The effect of surface reactions on the relative abundances of trace metals in deep-ocean water

Abstract

An improved general approach for estimating the relative abundances of trace metals in aquatic systems is introduced. It is proposed that the relative concentrations of trace metals in deep-sea water are regulated by two opposing processes: adsorption to and transport on inorganic and organic particle surfaces, and desorption driven by complexing with dissolved ligands in sea water. The estimated behavior is based on the difference between the surface affinity of a metal and its affinity for aqueous ligands, that is, the free energy difference between surface complexation and aqueous complexation of the metal. The simplest formulations of metal behavior are based on differences in standard state free energies, e.g., standard free energy of adsorption on oxide vs. standard free energy of aqueous chloride complexing. In a specific instance, the relative concentrations of trace metals in deep-ocean water are predicted from the ratios of their first hydrolysis constants (which are surrogates for adsorption constants)and their first chloro or carbonate complexing constants.
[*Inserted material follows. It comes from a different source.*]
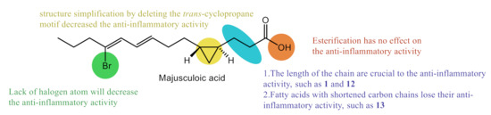 The anti-inflammatory activity of majusculoic acid and its analogs was determined in the LPS-induced RAW264.7 macrophages. (−)-Majusculoic acid (1), methyl majusculoate (9) and ethyl-(1R,2R)-2-((3E,5Z)-6-bromonona-3,5-dien-1-yl)cyclopropane-1-carboxylate (12) showed weak inhibitory activity. Noteworthy, all three compounds showed dose-dependent effects (Table 1).
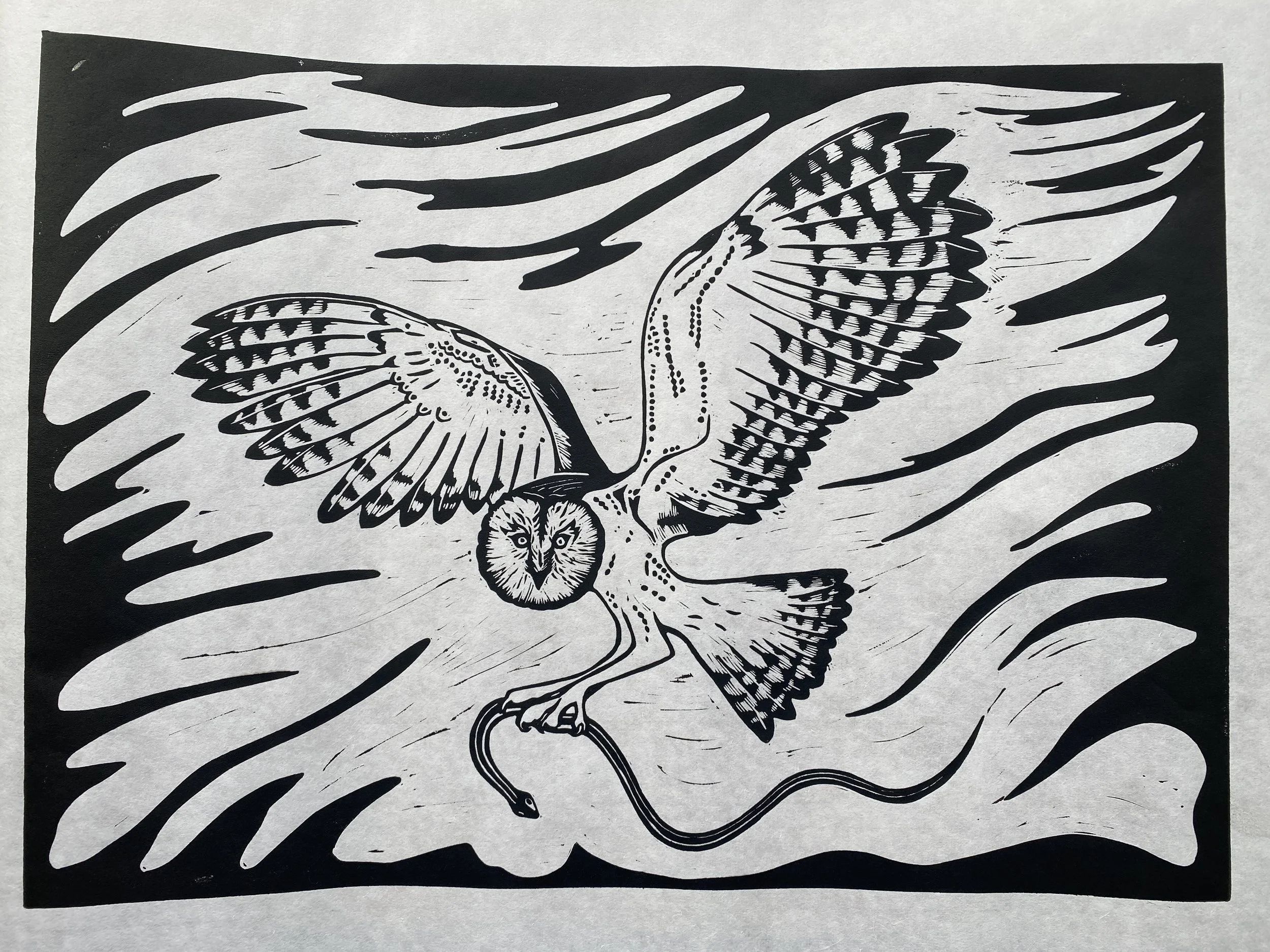The concept for the owl and snake relief print has been with me for a while. Last summer we noticed an abundance of snakes around our house (which makes sense as we live in a wetland) but they were really making themselves seen. One snake often basked on our front deck right underneath our door, and would even come there to shed- so occasionally we would find a snake skin waiting for us right at the doorstep.

More detailed assessments of relative metal abundances in sea water must incorporate both standard-state energy term (Δ log β) and aqueous phase activities of important ligands, e.g., chloride and carbonate ions. The lack of data for the complexation of trace nelements with PO 4 3−, HPO 4 2−, and H 2PO 4 − precludes the use of potentially important phosphate-complexes in our calculations. The general approach is applied with success to examine chemical and geochemical groupings of oceanic trace metals and to assess adsorption vs. dissolved carbonate complexation as predominant processes governing the concentrations of rare earth elements (REEs) in deep-ocean water. While trace metals in rivers are largely bound to suspended matter and tend to retain upper continental crustal ratios in unpolluted environments, most trace elements in deep-sea water are enriched relative to iron, and the degree of enrichment is directly related to the difference in affinity of the metal for dissolved ligands and O-donor surface groups on particles.